Well, that’s a good question. Are both of them actually valid probabilities in regards to Sleeping Beauty Problem? Yes, people constructed two scoring rules which produce probability-looking results and noticed to which questions these results can serve as answers. But has there been a proper investigation into the matter?

Balls in a Box Machine

As far as I can tell, the idea that both answers are valid should be credited to The end of Sleeping Beauty’s nightmare by Berry Groisman. In this paper an inanimate setting, allegedly isomorphic to the Sleeping Beauty problem is described:

An automatic device tosses a fair coin, if the coin lands ‘Tails’ the device puts two red balls in a box, if the coin lands ‘Heads’ it puts one green ball in the box. The device repeats this procedure a large number of times, N. As a result the box will be full of balls of both colours.

Groisman uses it to highlight the confusion:

Now we have arrived at a critical point. The core of the whole confusion is that we tend to regard ‘A (one) green ball is put in the box’ and ‘A green ball is picked out from the box’ as equivalent.

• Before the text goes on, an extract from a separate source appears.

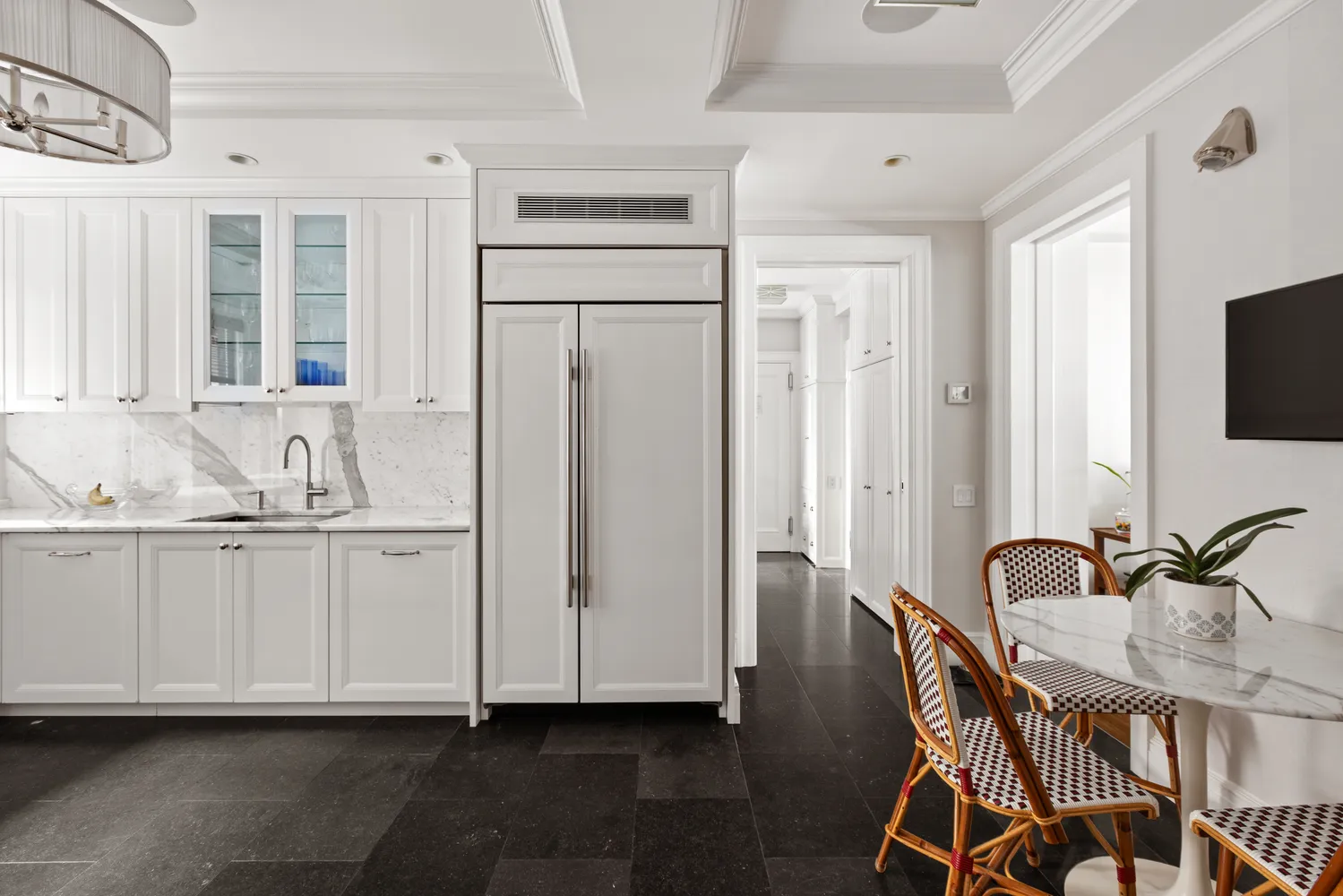 At the heart of the home is the oversized chef’s kitchen, thoughtfully designed with marble countertops, custom cabinetry, high-end appliances, and a relaxed eat-in area. Just beyond the kitchen is a home office with built-in millwork, a washer and dryer, and a full en-suite bath. It can also serve as a cozy fourth bedroom.

The reason is that the event ‘A green ball is put in the box’ and the event ‘A
green ball is picked out from the box’ are two different events, and therefore their
probabilities are not necessarily equal. These two events are different because they are the subject to different experimental setups: one is the coin tossing, other is picking up a ball at random from the full box.

And translating back to Sleeping Beauty:

If we mean ‘This awakening is a Head-awakening under the setup of wakening’, then SB’s answer to our question should be 13, but if we mean ‘The coin landed Heads under the setup of coin tossing’, her answer should be 12.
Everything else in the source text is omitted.